When observation D from the satellite detection maps is available at the current time t (see Figure 12) the following relations are applied

$$\left\{\begin{array}{c} \mathrm{p}\left(\mathrm{E}\left(\mathrm{t}\right)=1|\mathrm{D}\left(\mathrm{t}\right)=1\right)=\left(1-{\mathrm{P}}_{\mathrm{f}\mathrm{a}}\right), \\ \mathrm{p}\left(\mathrm{E}\left(\mathrm{t}\right)=1|\mathrm{D}\left(\mathrm{t}\right)=0\right)=\left(1-{\mathrm{P}}_{\mathrm{d}\mathrm{e}\mathrm{t}}\right) {\mathrm{P}}_{\mathrm{m}\mathrm{o}\mathrm{d}\mathrm{e}\mathrm{l}}\left(\mathrm{t}\right). \end{array}\right.$$

(16)

where the notation ${\mathrm{P}}_{\mathrm{m}\mathrm{o}\mathrm{d}\mathrm{e}\mathrm{l}}\left(\mathrm{t}\right)=\mathrm{p}\left(\mathrm{E}\left(\mathrm{t}\right)=1\right)$ indicates the prediction obtained using the Markov random chain hypothesis.

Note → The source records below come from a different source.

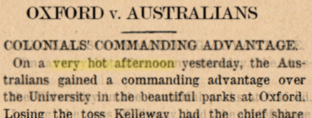 Cricket, Winner (Vic.), Wed 12 Aug 1914, p. 5. http://nla.gov.au/nla.news-article155522545 from Oxford University. Being just a two day game, a draw was almost inevitable, despite the strong showing by the Australians. Most notable was the introduction of a new man into our band of flannelled brothers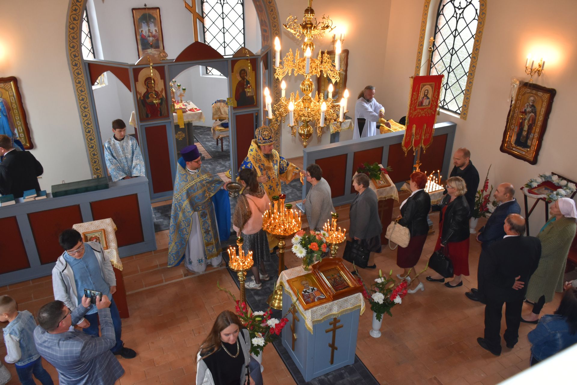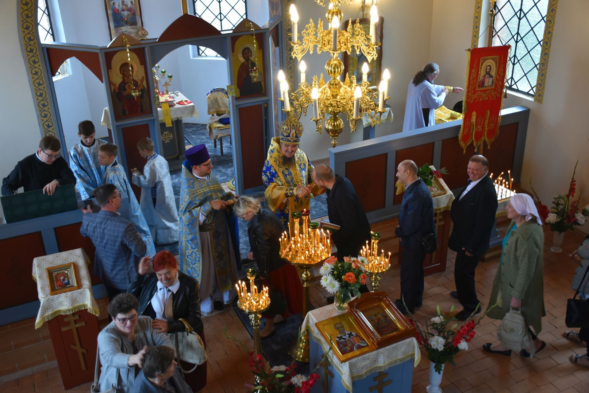 W drzwiach świątyni Ekscelencję chlebem i solą powitał starosta cerkiewny Jan Lalko a następnie proboszcz ks. Jarosław Biryłko. W liturgii uczestniczyli również księża: ks. Gienadiusz Semeniuk ze Szczecina i ks. protodiakon Mieczysław Oleśniewicz z Wrocławia. Swoją obecnością zaszczyciła parafię również starosta powiatu stargardzkiego, pani Iwona Wiśniewska. Dzieci przystąpiły do spowiedzi i eucharystii, a po liturgii odprawiony został molebień w intencji pomyślnego nowego roku szkolnego. Radosnym akcentem tego dnia było również poświęcenie nowego dzwonu. Po ponad czterdziestu latach we wsi Dolice znów można było usłyszeć jego dźwięk. Władyka Jerzy zwrócił się do dzieci i ich rodziców z nadzieją na pomyślny przebieg tegorocznych zajęć w szkole i życzył młodym zebranym czerpania wielu radości ze zdobywania wiedzy w szkolnych ławkach. Przedłużając mile rozpoczęty dzień, wierni wspólnie z Władyką udali się na poczęstunek.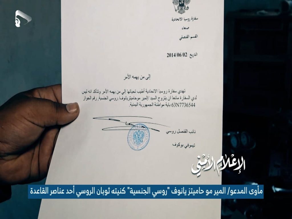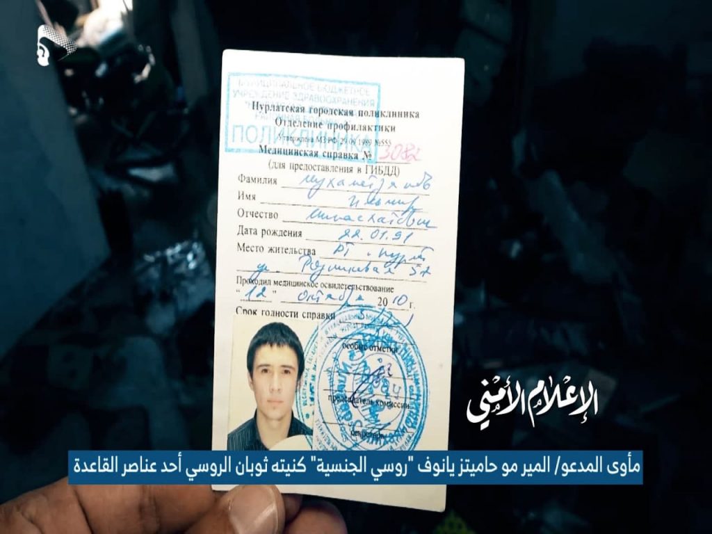 وأوضحت أن أحد قيادات داعش والقاعدة في مديرية الصومعة روسي الجنسية يدعى (المير مو حاميتزيانوف) وكنتيه ثوبان الروسي ويعمل خبيراً في صناعة المتفجرات.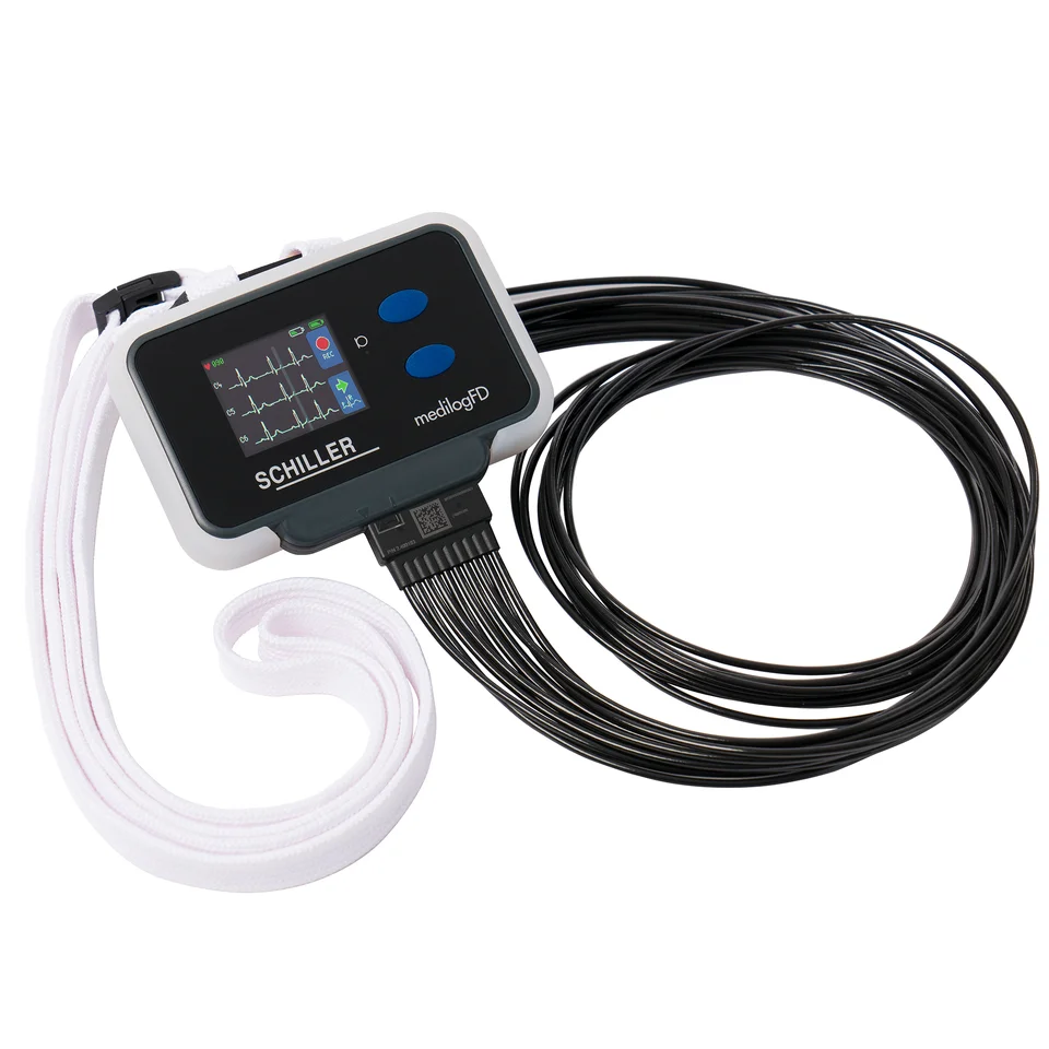 The 12-lead Holter ECG is preferred for detailed and spatial heart analysis. Regional assessment of myocardial ischemia: distinguish anterior, septal, lateral, inferior region in the dynamic setting of everyday life. medilogFD identifies the origin of ectopic beats, whether they are from the left or right ventricle. This SCHILLER Holter is superior in identifying abnormal heartbeats that start in the right or left atrium.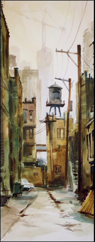 I originally came to Chicago in the early eighties as a set designer and art director for the entertainment industry. It was analogous to that career that I developed my interest in becoming a serious painter. I received my truly and most inspirational painting inspiration from Irving Shapiro, a master of watercolor painting at the American Academy of Art. Though I studied art in college, it was studying with this master that I really “got it.”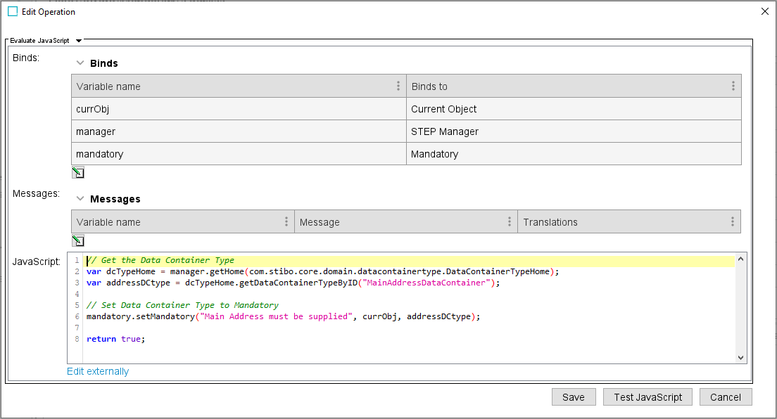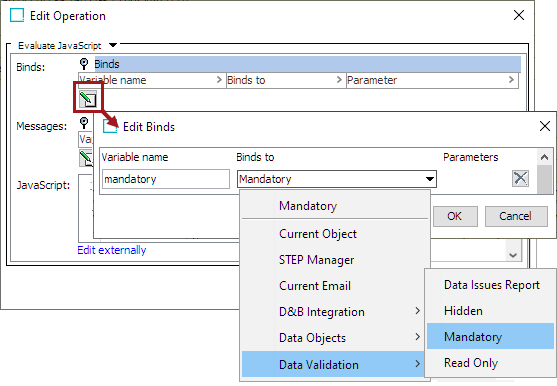 The Data Validation 'Mandatory' bind allows running a JavaScript-based business condition that sets selected attributes and references as mandatory in the Web UI. A message can also be displayed in the Web UI to give the user more information about why the object is mandatory.

The second equation simply results from the direct application of the Bayes theorem and the definition of the recall:

$$\mathrm{p}\left(\mathrm{E}\left(\mathrm{t}\right)=1|\mathrm{D}\left(\mathrm{t}\right)=0\right)\mathrm{p}\left(\mathrm{D}\left(\mathrm{t}\right)=0\right)=\mathrm{p}\left(\mathrm{D}\left(\mathrm{t}\right)=0|\mathrm{E}\left(\mathrm{t}\right)=1\right)\mathrm{p}(\mathrm{E}\left(\mathrm{t}\right)=1)$$

(17)

considering that $\mathrm{p}\left(\mathrm{D}\left(\mathrm{t}\right)=\mathrm{d}\right)=1$ when the state $\mathrm{D}\left(\mathrm{t}\right)$ is currently observed.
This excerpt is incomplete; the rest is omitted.